Am 1. Mai erschien in der Wochenzeitschrift Die Zeit ein bemerkenswerter Artikel von Elisabeth Raether, Mark Schieritz und Bernd Ulrich zu den ökonomischen Auswirkungen der Krise. Über den möchte ich in diesem Blogbeitrag gerne ein paar Worte verlieren, da er viel Beachtung gefunden und den Diskurs beeinflusst hat.
Unter der Überschrift „Brauch’ ich das?“ (Spoiler: Nein!)
konstatieren die drei anlässlich der Corona-Krise das Ende des Kapitalismus, wie wir ihn kennen. Das ist jetzt nicht besonders
originell, liegt sozusagen auf der Hand, wird aber von den dreien ganz originell begründet. Die Krise führe demnach nicht nur zum Absterben einiger Branchen und den damit verbundenen heftigen
ökonomischen Schmerzen, so die Autoren, sondern auch zu einer allgemeinen Entspannung und lustvollen Entprofessionalisierung anderer Bereiche der Wirtschaft durch Home Office, sowie die
allgemeine Reise- und Konsumpause. Der Zeitdruck, die Geißel des Arbeitslebens, sei zurückgedrängt. Durch eingesparte Reise- und Logistikkosten erhöhe sich die Effizienz und Effektivität
zahlreicher Prozesse ganz deutlich.
Überraschender Weise vermissten die Menschen dabei vieles gar
nicht, das sie vorher für unentbehrlich gehalten hätten! Man habe keine Angst mehr, etwas zu verpassen, weil ohnehin nix los sei. Den Anderen gehe es auch nicht besser. Man reduziere sich auf das
Wesentliche. Das Konsumklima sei dadurch allerdings auf einem historischen Tiefpunkt und das habe möglicherweise fatale Folgen, wenn es andauere.
Der Einzelne empfinde keine Kauflust mehr, sondern führe sich im
Gegenteil vor Augen, für wieviel Unsinn er für gewöhnlich doch sein Geld ausgäbe und plötzlich erfolge, was die Autoren das „Verstummen der gregorianischen Gesänge im Konsumtempel“ nennen, den gegenwärtig vorherrschenden Schock-durch-Leere-Zustand. Die Läden hätten dann zwar offen, doch die
Kunden kämen nicht.
Eine mögliche Ursache: Die materialistisch-psychologische Bindung des Glücks an Konsum ist in
diesen sechs Wochen tatsächlich entkoppelt oder zumindest deutlich gelockert worden. Werbung wirkt plötzlich surreal. Sechs Wochen Entzug und die Konditionierungen sind außer Kraft
gesetzt.
Für die Autoren ist eine Rezession damit aber
unabwendbar, die Deglobalisierung habe bereits eingesetzt.
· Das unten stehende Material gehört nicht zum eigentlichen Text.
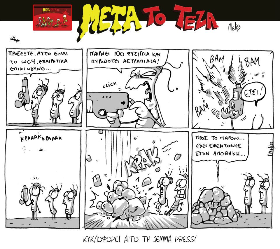 After the Raid AFTER THE RAID Design - Story: Meliss Publisher: Jemma Press Language: Greek The roaches mutate as they got sprayed by chemicals. The outcome is a gang of zombie roaches, who eat anything they can find! 1st edition (2006) buy it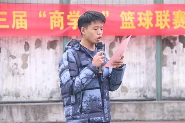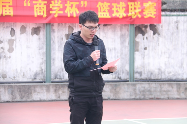 随后,我院2018级辅导员杨继理老师致开幕词,他强调“在运动中去绽放青春,释放活力”,“商学杯”篮球联赛旨在为同学们提供一个展示团队精神和提升综合素质的舞台,希望我院学子在赛场上尽情挥洒汗水时,赛出风格,赛出新学期商院学子的崭新风貌。最后,他宣布2021年“商学杯”篮球联赛正式开幕。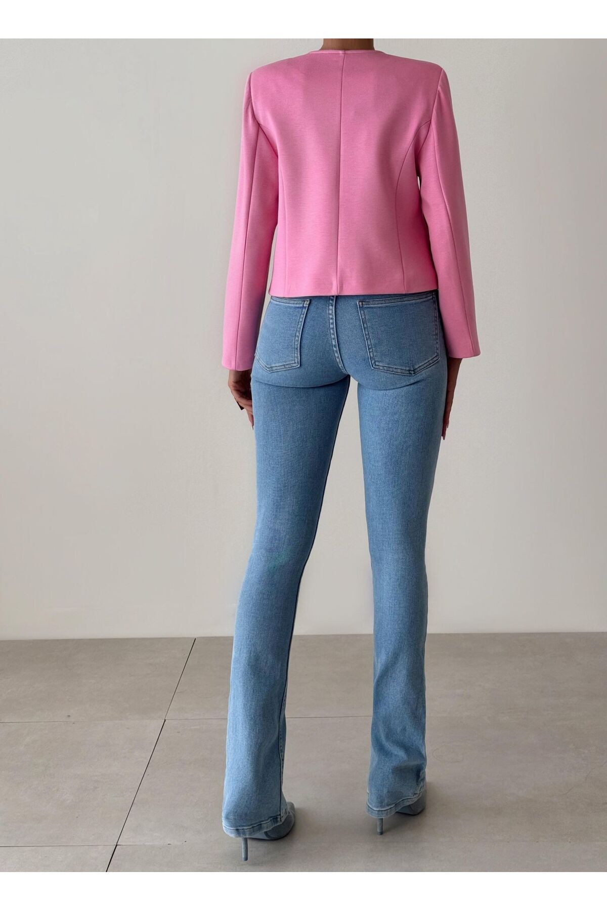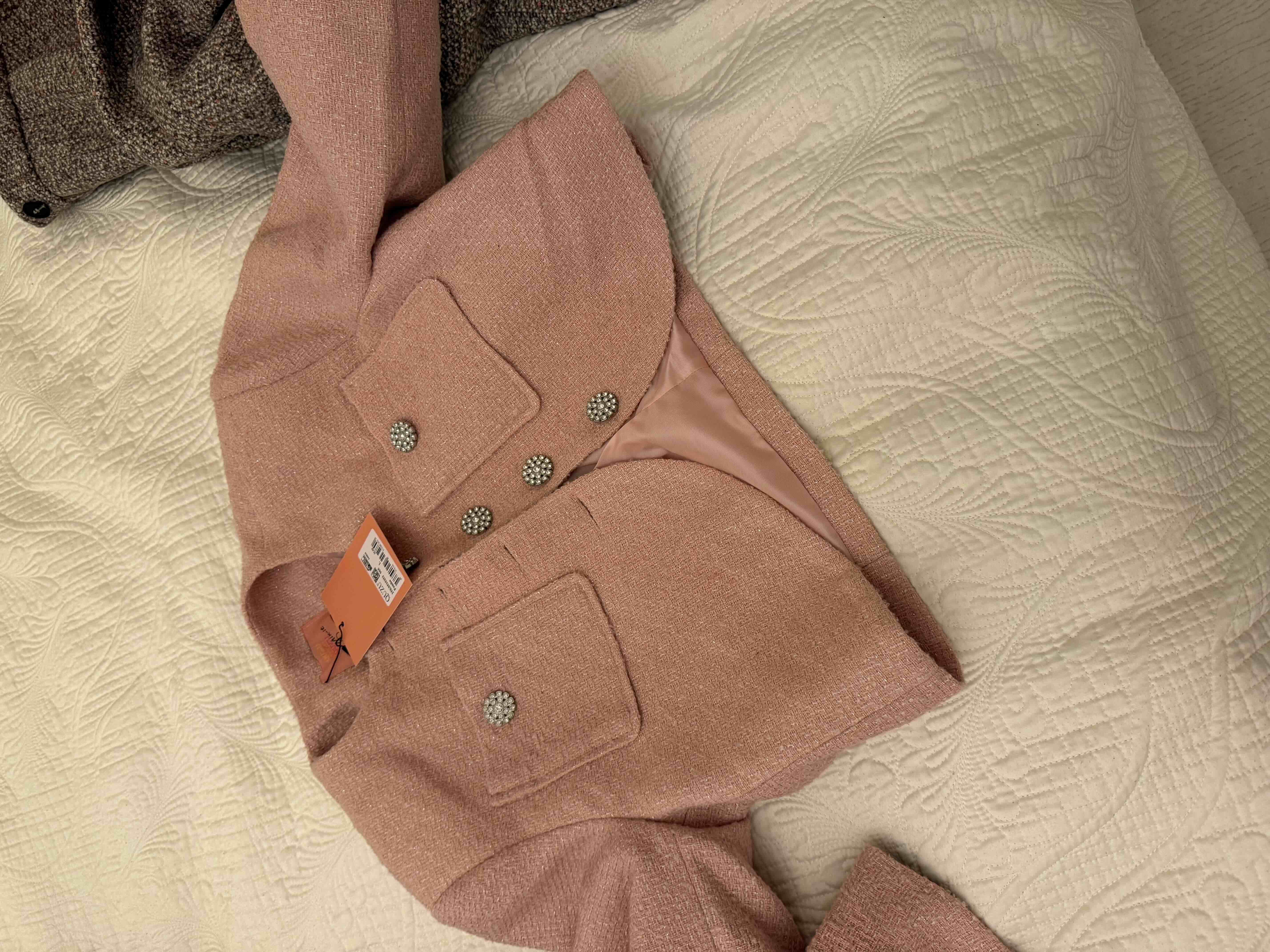 Parlak Taşlı Simli Tüvit Ceket Pembe Parlak Taşlı Simli Tüvit Ceket Pembe 25K0510253-065 L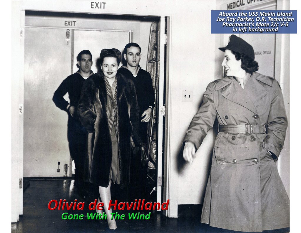 151k | Actress Olivia de Havilland ("Wings of the Navy," "Gone with the Wind," "To Each His Own," "The Heiress") aboard USS Makin Island (CVE-93). Joe Ray Parker in left background. |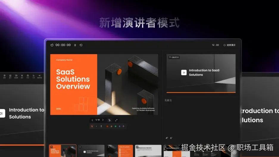 演示者视图功能使PPT展示环节变得更为便利,当大家看到你在展示PPT时,演示者视图可以在你自己的设备上展示更多信息, 比如下张幻灯片内容预览、备注等,而观众只能看到目前正在展示的幻灯片内容。这样,你可以更好地控制展示节奏,不会因忘记内容而出现尴尬沉默。同时,你还可以通过演示者视图快速跳转到指定幻灯片,或对幻灯进行临时标注,让演展过程更流畅生动。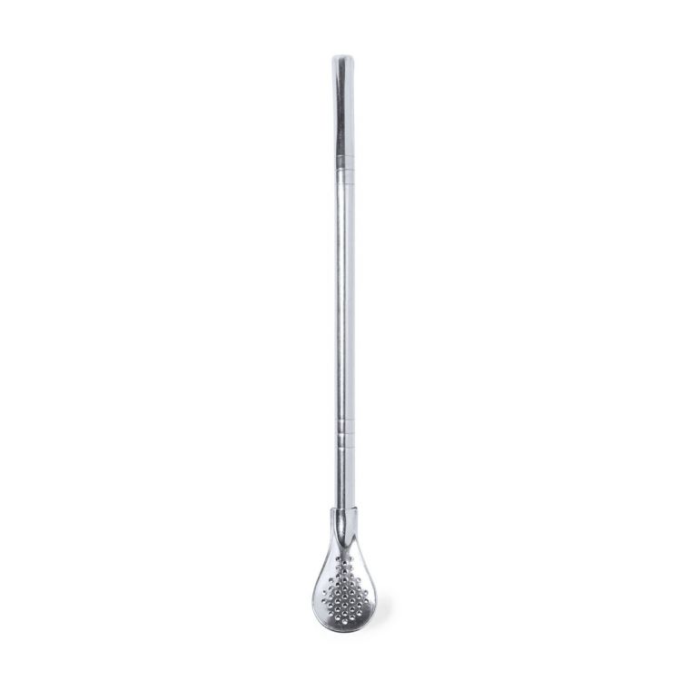Práctico agitador con pajita en acero inox. Con diseño elegante y funcional, este accesorio es esencial para bebidas frías o calientes. Pajita integrada que permite absorber con facilidad y en el extremo inferior una práctica cucharilla con filtro. Presentado en una bolsa individual. (color plata)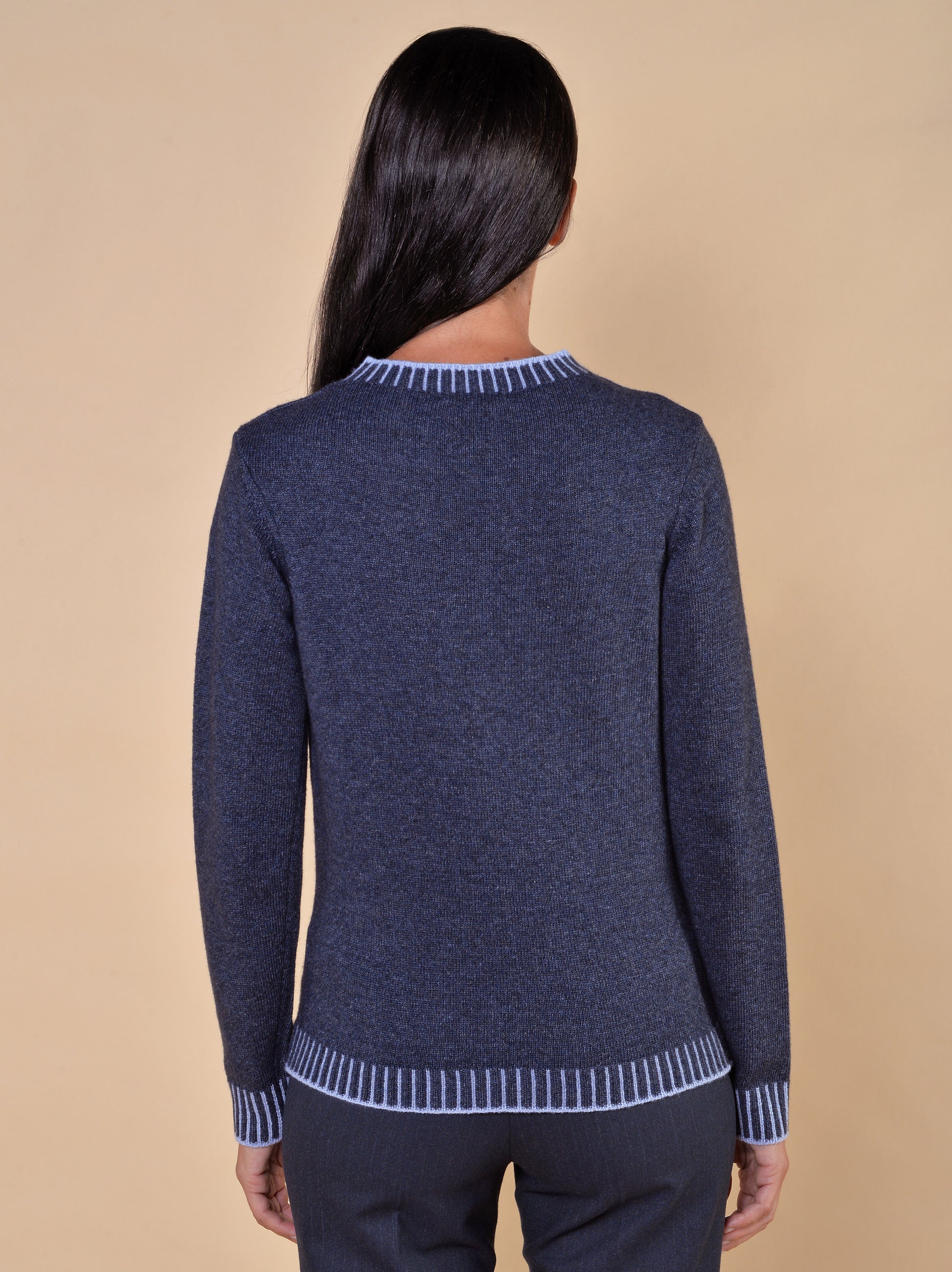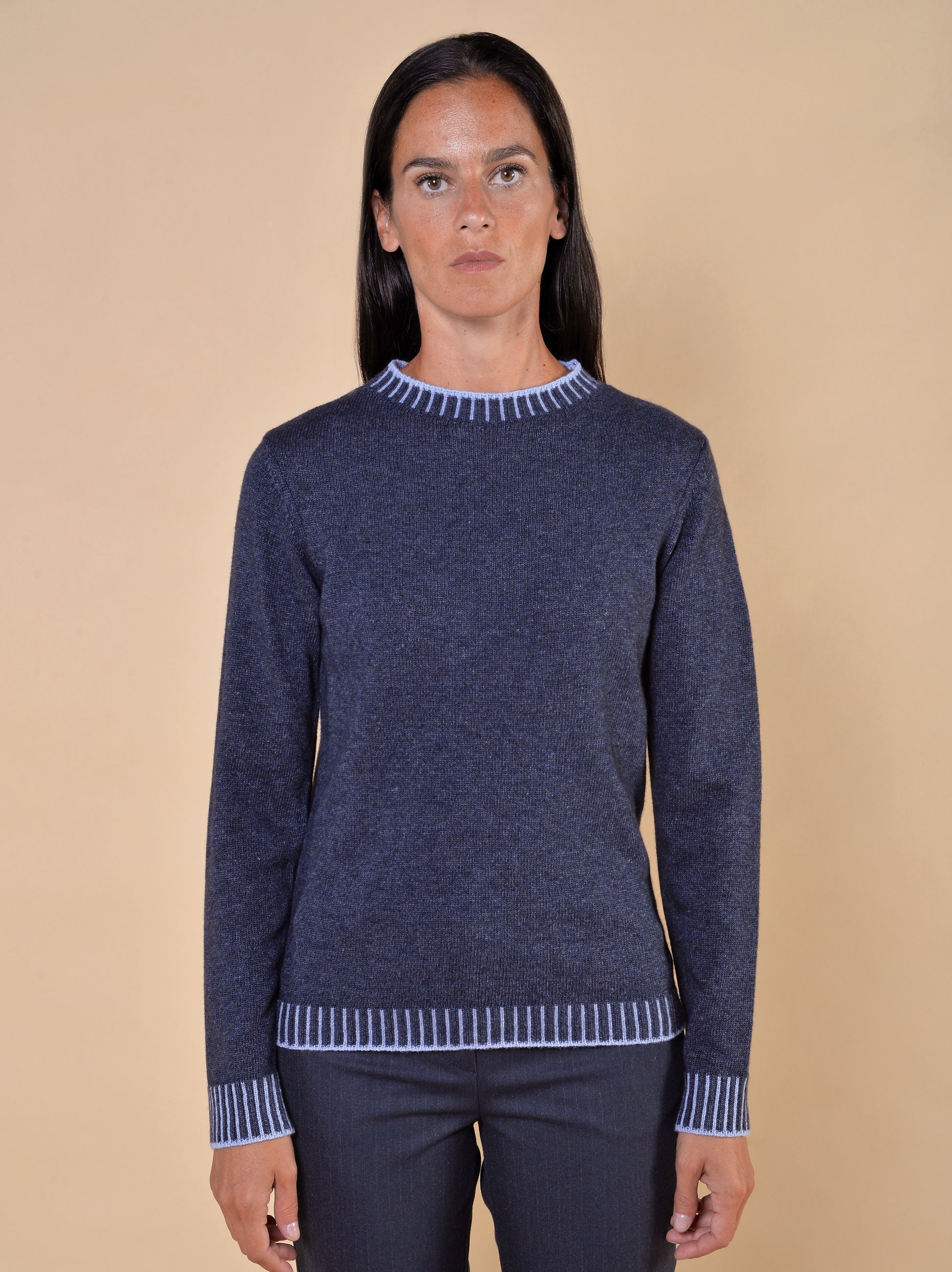 Maglia Con Bordi Bicolori Blu Denim/Nuvola

Für ein exportorientiertes Land wie Deutschland eine ziemliche Herausforderung. Umso mehr gelte jetzt, worin Adam Smith und Karl
Marx übereinstimmten: Der Kapitalismus brauche Konsum, sonst sei er nicht lebensfähig.
Daher stehe jetzt alles auf dem
Spiel: Löhne, Steuereinnahmen, Sozialkassen . . . und es laufe deshalb zwangsläufig auf ein neues Wirtschaftssystem hinaus, auf eine nachhaltig wirtschaftende, intelligente Welt, die nicht
bloß auf relativ primitivem Wachstum in Umsatz, Menge, Rendite usw. beruht. Ökonomisch sei das alles rechen- und machbar, so die Autoren. Offen aber bleibe bislang, ob eine
Gesellschaft solchen Wandel überhaupt verkrafte.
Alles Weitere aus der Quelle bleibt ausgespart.